Screens From here to interminable

'Screen Door Jesus' makes a putatively holy moment feel like a lifetime

The Alamodome might never sport the logo of a permanently resident NFL team, but about 20 years ago San Antonio acquired its own holy icon. For several summer nights, the image of the Virgin Mary appeared to appear on the wall of a South Side garage. The event drew worshipers, gossipers, scoffers, and peddlers. So did the apparition of Jesus on a back porch in Port Neches, Texas in 1969; it also aroused the interest of author Christopher Cook. The occurrence of Scriptural likenesses - on a shroud in Turin, a highway in Chicago, a pastry sold on eBay, but never in Tehran, Beijing, or Bangkok - is a Rorschach test that tells us more about the viewer than what is viewed.

Mother Harper (Cynthia Dorn) finds Jesus on a screen door in a small West Texas town, a discovery that leads to an un-harmonic convergence of the faithful, the curious, and the greedy.

For his first feature film, based on Cook's short stories, writer-director Kirk Davis follows more than a dozen disparate characters in a Biblically named town in East Texas. Instead of wise men, this Lone Star Bethlehem draws a couple of wildcatting wise guys who plot their enrichment by drilling oil from under municipal property. The married mayor of Bethlehem is covertly cavorting with a luscious young extortionist. The town's chief of (perhaps only) police woos a wealthy beauty who refuses to accept sex or marriage unless he accepts Christ. "I don't want to spend my life with somebody I can't spend eternity with," she explains. Interpreting a church sermon on the Parable of the Good Samaritan as a lesson in prudence, a white bank president proceeds to refuse a loan to a desperate black man. Two boys spend the summer with a Pentecostal grandmother who infuriates their Catholic mother by having them baptized. Placing her trust in divine providence, a woman forbids her gravely ill daughter-in-law to be hospitalized. At Bethlehem's Trinity Ecumenical Center, a scholarly conference on Biblical inerrancy draws a busload of angry fundamentalists who denounce the iniquity of homosexuality.

Screen Door Jesus
Writ. & dir. Kirk Davis, based on short stories by Christopher Cook; feat. Myk Watford, Cynthia Dorn, C. Anthony Jackson, Scarlett McAlister, Richard Dillard (R)

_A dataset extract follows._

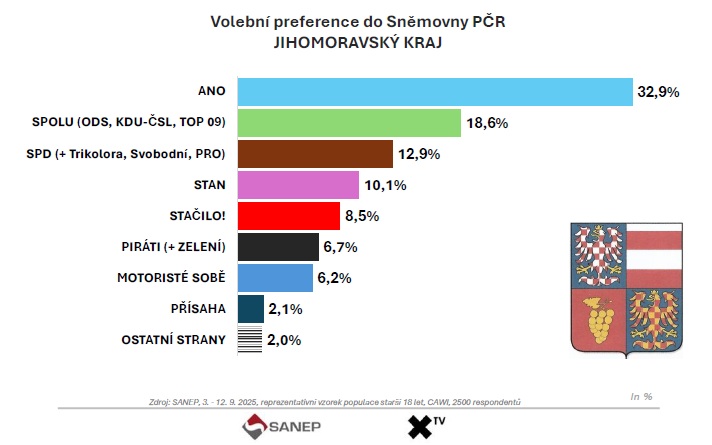 Exkluzivní zářijový průzkum agentury SANEP pro XTV ukazuje, že politická mapa Jihomoravského kraje se čtyři roky po posledních sněmovních volbách zásadně proměnila. V regionu premiéra Petra Fialy dnes jasně vede hnutí ANO, které by se ziskem 32,9 procenta obsadilo první příčku. V roce 2021 přitom v kraji skončilo až druhé.

Amid this unholy mess, Mother Harper (Dorn) looks at her screen door following an unusual evening hailstorm and sees the image of Jesus. A crowd of the devout soon collects, but, exasperated by the noisy throng congregating on her front lawn day after day, she tries to collect an admission fee. An enterprising youngster hawks photos of the bizarre phenomenon. But the most brazen attempt to exploit Mother Harper's screen-door Jesus is that of director Davis, who struggles to use it to justify and unify the motley threads in a crazy quilt that offers neither warmth nor inspiration. It might have taken supernatural intervention to keep aloft all the balls of religion, race, class, and avarice that Davis tosses into the air, but I fail to detect evidence of a miracle here.

As Ronette, a gold-digging hussy eager to make her way out of Bethlehem and into Dallas, Scarlett McAlister lights up the screen of Screen Door Jesus. However, much of the rest of the film seems to suffer from the power outage that occurs late in the proceedings. Filmed in Austin, Bastrop, and Lockhart, Screen Door Jesus is an independent local production that ponders the eternal but merely feels interminable.